This utility merges modular shell scripts into one big shell script for easy distribution. The merged shell script is a singular shell script that can be streamed using curl
and executed directly by sh
, like this:
$ curl https://example.com/script.sh | sh
I have set up a few forked repositories to showcase merge-shell
functionality:
-
https://github.com/wpyoga/openvpn-install/tree/faithful-fork
No problems observed so far.
-
https://github.com/wpyoga/wireguard-install/tree/faithful-fork
No problems observed so far.
-
https://github.com/wpyoga/dehydrated/tree/faithful-fork
dehydrated
generates help text by grepping the original script. Unfortunately, the information is buried inside the sub-scripts. With our current method of splitting the main script,dehydrated-split
cannot display the help text properly. The merged script can display the help text properly. -
https://github.com/wpyoga/LemonBench/tree/faithful-fork
No problems observed so far, but see Caveats below. The original
LemonBench.sh
script does not have a trailing newline, so in this faithful reproduction we added a trailing newline toLemonBench-split.sh
, which is then stripped off from the generatedLemonBench-merged.sh
.In general, if it finds an input file with no trailing newline,
merge-shell
will print a warning to stderr. Heed this warning, because the output file will be unusable, due to the last line being unreadable. -
https://github.com/wpyoga/nvm/tree/faithful-fork
No problems observed so far.
-
https://github.com/wpyoga/yet-another-bench-script/tree/faithful-fork
No problems observed so far.
-
https://github.com/wpyoga/rustup/tree/faithful-fork
No problems observed so far.
Sometimes, shell utilities are developed in a monolithic manner, with a big script containing all the code to the project.

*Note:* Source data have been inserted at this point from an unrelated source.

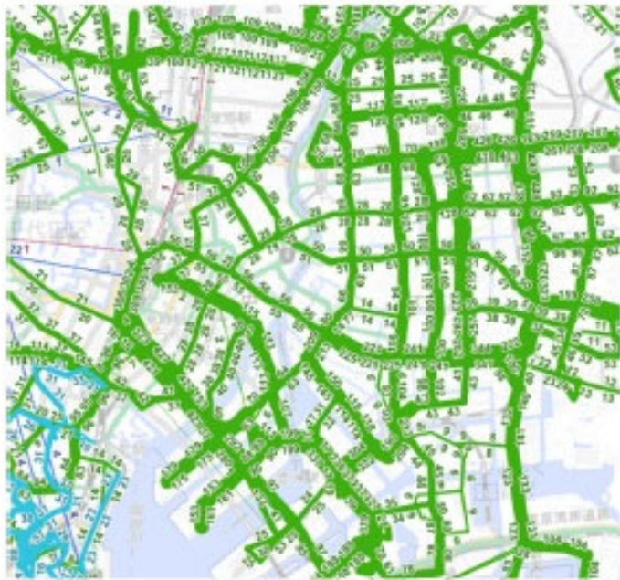
東京都（都営バス・港区ちいばす）
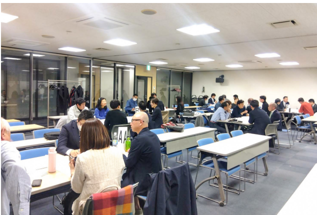
グループ長の役割や進行の流れについて学び合う

グループ長の役割や進行の流れを学んだ後、経営実践の報告(ミニ報告)を聞き、グループ討論を実施。最後にグループ討論の進め方を振り返ることで理解を深めていきます。2025年度後半からは7月に開催される中協第58回定時総会in静岡にむけ
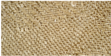
겉감 | 문능
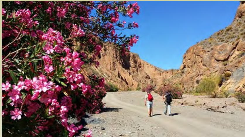
Rambla de los Yesos, en Alboloduy

El tercer día del presstrip fue una jornada intensa y llena de contrastes.. Empezaron en Alboloduy con un paseo por su Rambla de los Yesos, guiados por Al-Mihras Turismo Activo, con una breve pausa para un desayuno sano y típico con frutos secos de Las Torcas Alimentos ecológicos.
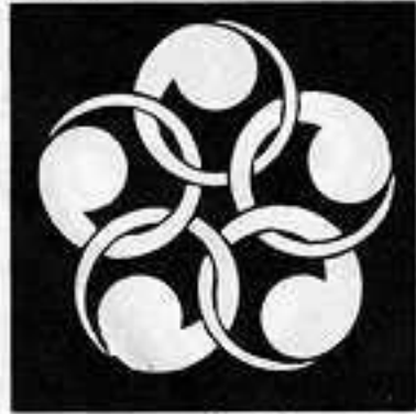
五つ金輪巴 いつつ かな わ どもえ
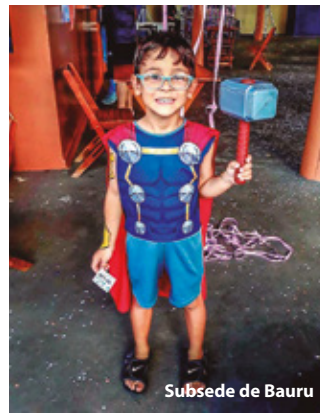
Subsede de Bauru
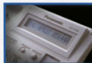
▲16字元大型液晶顯示
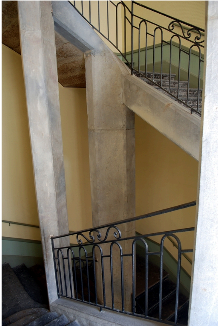
Escalier : détail

It's understandable that some developers have chosen this development pattern, because it's easier to distribute a single shell script, rather than multiple files. A user can simply use a one-liner like this to execute the script directly:
$ curl https://github.com/wpyoga/script-example/my_script.sh | sh
The shell script can be very long, sometimes reaching thousands of lines in a single file. Functions are often interspersed with calling code. This kind of development pattern may cause a few problems:
- the code becomes difficult to reason about
- developers have to navigate a big shell script just to find and edit a section of the code
- as a result, it is difficult to maintain the code, so bug fixes and feature additions become slower over time
- it is often impossible to do unit tests
- another side effect is that new developers can sometimes struggle to understand the code, thus raising the bar for potential contributors
- during development, accidental keystrokes changing unintended parts of the script might go unnoticed, especially when the changeset is quite large -- leading to hard-to-find bugs
In contrast, projects written in other languages are often written in a modular way. Projects written in compiled languages (C, Java, Rust, ...) are most of the time modular, and even scripting languages like Python and JavaScript are usually written in a modular way. This really helps with the readability and maintainability of the code.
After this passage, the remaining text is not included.